Distinguishing the Knowable from the Unknowable with Language Models
Gustaf Ahdritz, Tian Qin, Nikhil Vyas, Boaz Barak, Benjamin L. Edelman
TL;DR
This work investigates distinguishing epistemic from aleatoric uncertainty in unconstrained text produced by large language models. It uses a larger model as a ground-truth proxy and trains lightweight probes on frozen smaller models to predict when the larger model will be confident at the next-token level, complemented by a fully unsupervised In-Context Learning Test (ICLT) to detect uncertainty types. The supervised approach achieves high AUROC (often >0.9) across model pairings and data domains, with transfer to out-of-domain sets, while the unsupervised ICLT approach yields non-trivial accuracy and reveals the importance of prompt structure and separator tokens. These results suggest that LLMs contain internal representations of different uncertainty types that could be leveraged to improve confidence estimation and reduce hallucinations in practical deployments.
Abstract
We study the feasibility of identifying epistemic uncertainty (reflecting a lack of knowledge), as opposed to aleatoric uncertainty (reflecting entropy in the underlying distribution), in the outputs of large language models (LLMs) over free-form text.

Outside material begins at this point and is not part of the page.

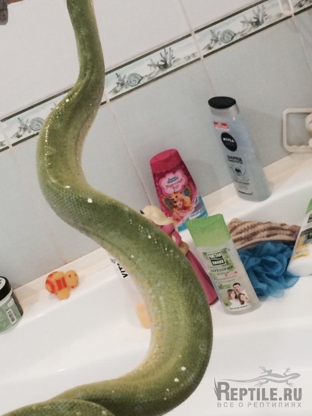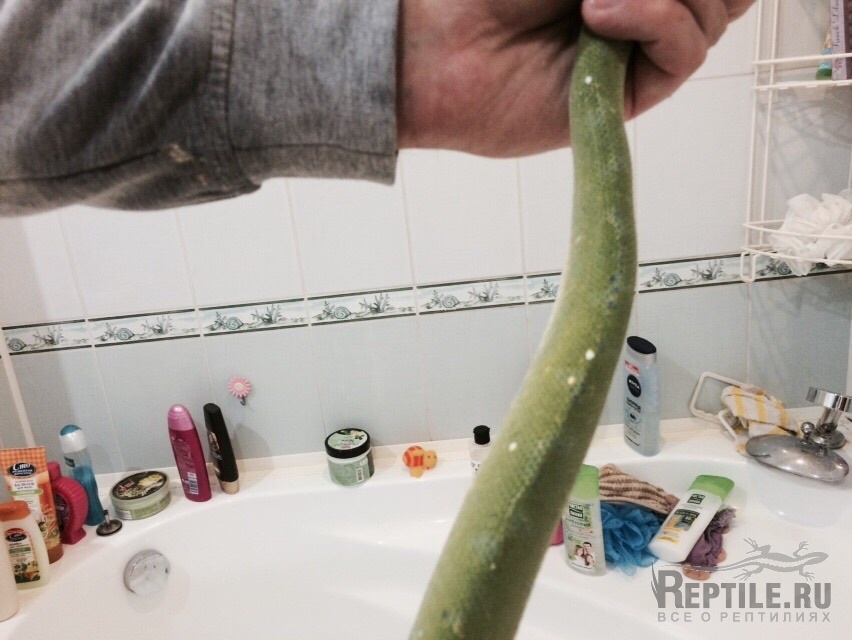 висит на ветке кольцами как и всегда, голова не свисает, а либо чуть задрана, либо поднята вверх. Периодически открывает пасть и пошипывает (именно на выдохе. На вдохе тишина). Мышечный тонус в норме - я его аккуратно крючком поглаживал - он пинается и обороняется как обычно и вообще как бы оживает, языком стреляет - долгие щелчки. Из пасти и носа выделений нет. Рот чистый.Хрипа нет. Аппетит в норме - с неделю назад скормил ему мышь размороженную (мышь сам морозил, повторно не размораживал. Из этой же партии уже был съедена мышь без последствий). Что меня заботит: кормил его 29 и примерно 7-8 - с этого момента он так и не прогадился до сегодняшнего дня. Сегодня я заметил на нем торчящие чешуйки и устроил ему купание в ванной. Там он прогадился и полинял у меня в рука. Не полиняла только голова. Сейчас лежит клубком на субстрате не шипит, но рот приоткрыт.

In the absence of ground-truth probabilities, we explore a setting where, in order to (approximately) disentangle a given LLM's uncertainty, a significantly larger model stands in as a proxy for the ground truth. We show that small linear probes trained on the embeddings of frozen, pretrained models accurately predict when larger models will be more confident at the token level and that probes trained on one text domain generalize to others. Going further, we propose a fully unsupervised method that achieves non-trivial accuracy on the same task. Taken together, we interpret these results as evidence that LLMs naturally contain internal representations of different types of uncertainty that could potentially be leveraged to devise more informative indicators of model confidence in diverse practical settings.